How WEIRDness Skews Our Understanding of Human Nature
If you are reading this at Little Green Footballs, the chances of you being WEIRD yourself are pretty high.
Henrich, Heine and Norenzayan first survey some of the evidence that Western, Educated, Industrialized, Rich and Democratic subjects – more specifically, University undergrads – are disproportionately the empirical foundation for claims being made, either explicitly or implicitly, about human nature. The evidence here is pretty staggering, even for someone like me who is suspicious of psychology for precisely this reason.
A recent survey by Arnett (2008) of the top journals in six sub-disciplines of psychology revealed that 68% of subjects were from the US and fully 96% from ‘Western’ industrialized nations (European, North American, Australian or Israeli). That works out to a 96% concentration on 12% of the world’s population (Henrich et al. 2010: 63). Or, to put it another way, you’re 4000 times more likely to be studied by a psychologist if you’re a university undergraduate at a Western university than a randomly selected individual strolling around outside the ivory tower.
Moreover, psychology is disproportionately American, and especially English-speaking, even compared to other scientific fields. 70% of all psych citations originate from US research institutions, compared with 37% in a field like chemistry, and the top four countries for psychology citations are all English speaking.
Despite the skewed sampling, psychologists seldom offer cautionary notes about the source of their data or its potential cultural boundedness, and likely would be testy if the cross-culturally critical among us suggested that they retitle their publications to reflect the source of their information: such as, the Journal of Experimental Psychology in High-Enrollment American Research Universities: Undergraduate Psychology Students’ Perception and Performance, a personal favourite. Henrich and colleagues do a good job of pointing out where there are exceptions to the pattern, and many of the authors of comments have been leaders in trying to implement broader, cross-cultural sampling, but the pattern is pretty pronounced in spite of noteworthy exceptions.

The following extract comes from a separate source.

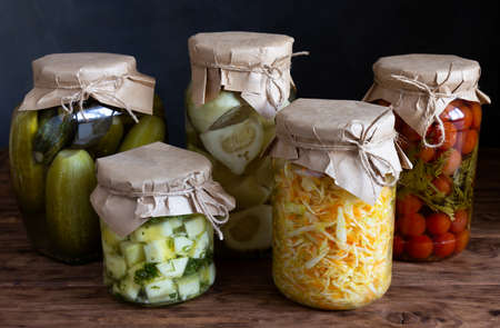 Canned vegetables in jars. Pickled cucumbers, tomatoes, cabbage, zucchini and squash on a wooden table. Horizontal orientation
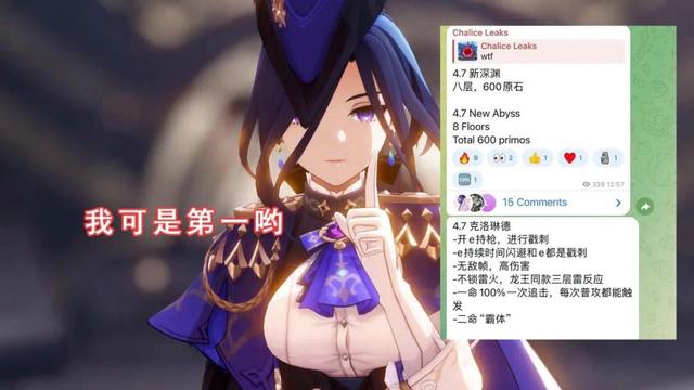 原神:克洛琳德机制曝光,无敌帧 高伤害,枫丹最后的人权卡? 最近克洛琳德的消息是越来越多了,作为版本末期出现的角色 已经有人将其机制曝了出来,虽然只是简单介绍了一下。

Henrich and colleagues then go on to use existing studies to contrast WEIRD subjects with other sorts of people on a series of increasingly close, ‘telescoping’ contrasts: first, they compare industrialized and ‘small-scale’ societies in areas such as visual perception, fairness, cooperation, folkbiology, and spatial cognition. The authors then highlight the contrast of ‘Western’ and ‘non-Western’ populations on measures such as social behaviour, self-concepts, self-esteem, agency (a sense of having free choice), conformity, patterns of reasoning (holistic v. analytic), and morality.
The authors then examine how Americans specifically stand out from other subject pools in comparative research to highlight how the specific dominance of US subject pools in psychological research might skew our understanding. In particular, Henrich and colleagues survey the issue of individualism, choice, and other outlying US traits. This section is among the thinnest in the article, but it is still full of suggestive data, especially for those of us who are sensitized to the dissimilarities glossed over in the catch-all term, ‘Western’ (my Australian wife and I, a Yank, frequently find ourselves contending with Oz-Sepo contrasts in daily life, even though Australia and the US would typically be considered quite similar ‘Western’ cultures).
Finally, Henrich, Heine and Norenzayan contrast the Americans who typically wind up as psychology subjects with the whole population of the US, highlighting the diversity among adult Americans in such area as social behaviour, moral reasoning, cooperation, fairness, performance on IQ tests and analytical abilities. US undergraduates exhibit demonstrable differences, not only from non-university educated Americans, but even from previous generations of their own families.